Я сейчас уже смутно помню, как прошли конференции в библиотеках имени Лавренева и имени Володарского, но помню, что Александр Николаевич говорил очень хорошо и, к моему удивлению, страшно волновался. Я посмеивался над ним: тоже мне грозный критик! И преподаватель Высших (!) литературных курсов. И кстати заметил, что бросал бы он их — мизерный заработок, а трата нервов и времени огромная…
— Ах, Вик Петрович, Вик Петрович! Как вы не понимаете?..
Понял «Вик Петрович», все понял, но гораздо позднее, когда сам посивел и вкусил «прелести» человеческого одиночества. Чувство общительности у Александра Николаевича от природы естественное, его тянуло поделиться с людьми теми знаниями, которые его переполняли, и делал он это непринужденно, охотно, как бы ломая пополам ломоть крестьянского хлеба, наделяя людей той пищей, что у него была в «сердечных закромах», — добротой, душевностью, человеколюбием и огромной, заинтересованной страстью к литературе.
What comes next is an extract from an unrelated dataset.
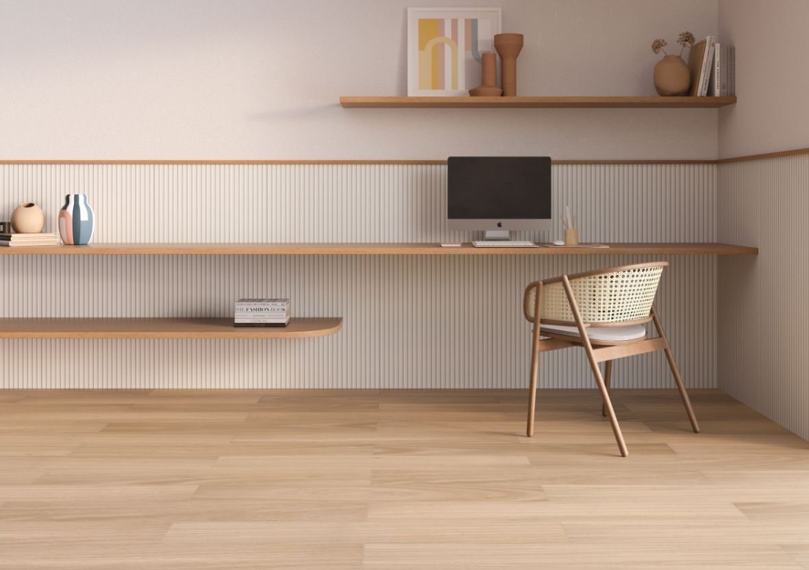 Itajai Cerejeira desperta sensações de leveza e acolhimento. O tom caramelizado, inspirado nas texturas madeira, garante um design singular, possibilitando criações únicas para pisos e paredes.
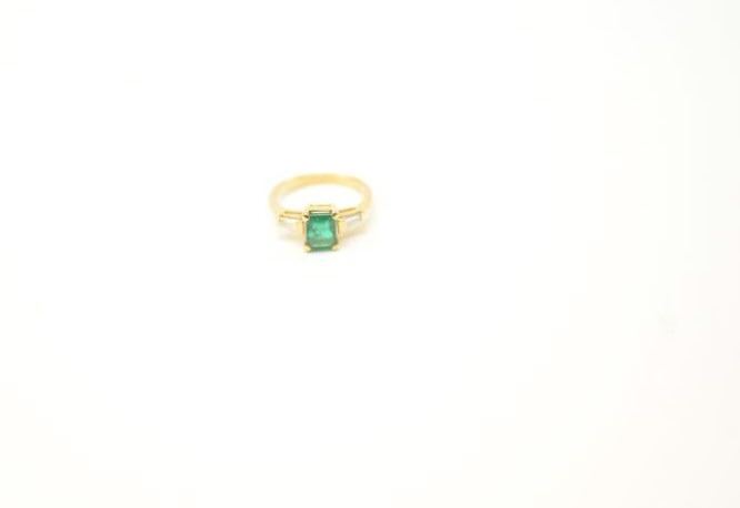 One fine emerald cut emerald ring in 14yellow gold accented by 2 baguettes Est:$700-1400

Увы, с горечью убеждался я, что и «взять» от него, «задаром» взять то, чем он богат — охотников мало, близко их попросту нет. Нахлебников дополна, но душевных, заинтересованных людей — друзей и даже слушателей — нет. Жена, дочь? Но сколь бы мне ни втолковывали высокоинтеллектуальные писатели, что вот-де он друг с сыном, с дочерью или с женой — не разделял я этой, высокопарно говоря, аксиомы, да и Александр Николаевич не разделял. Он знал по крестьянскому укладу жизни, что жена — это жена, дети — это дети, и неловко, дико смотреть, когда от слов иные папы и мужья переходят к делу, разыгрывая меж членами семьи «друзей».
Вот и были долгие годы Высшие курсы, поэтический семинар на них, отдушиной, где можно было «выпустить пары», поговорить к пообщаться с заинтересованными в поэзии и литературе людьми, пусть их на курсах бывает горсточка, остальные-то водку пьют, бабничают, бегают по «нужным людям», обивают пороги редакций и издательств. Но уж и горстка хорошо для литературы, заполненной в немалом количестве равнодушными и случайными людьми.
Тогда же, с разговоров о курсах, мы как-то совершенно естественно перешли на разговор о человечности. Посмеявшись над мимоходно оброненными мной словами в повести «Где-то гремит война» о том, что злодейство и злодеи не остаются безнаказанными, их, хотя бы и за гробом, но настигает возмездие, Александр Николаевич грустно, с глубоко затаенной болью произнес:
— Ах, Вик Петрович, Вик Петрович, если б это так было…
И начал говорить о том, о чем никогда почти не говорил — о своей работе под началом Ермилова в «Литературной газете».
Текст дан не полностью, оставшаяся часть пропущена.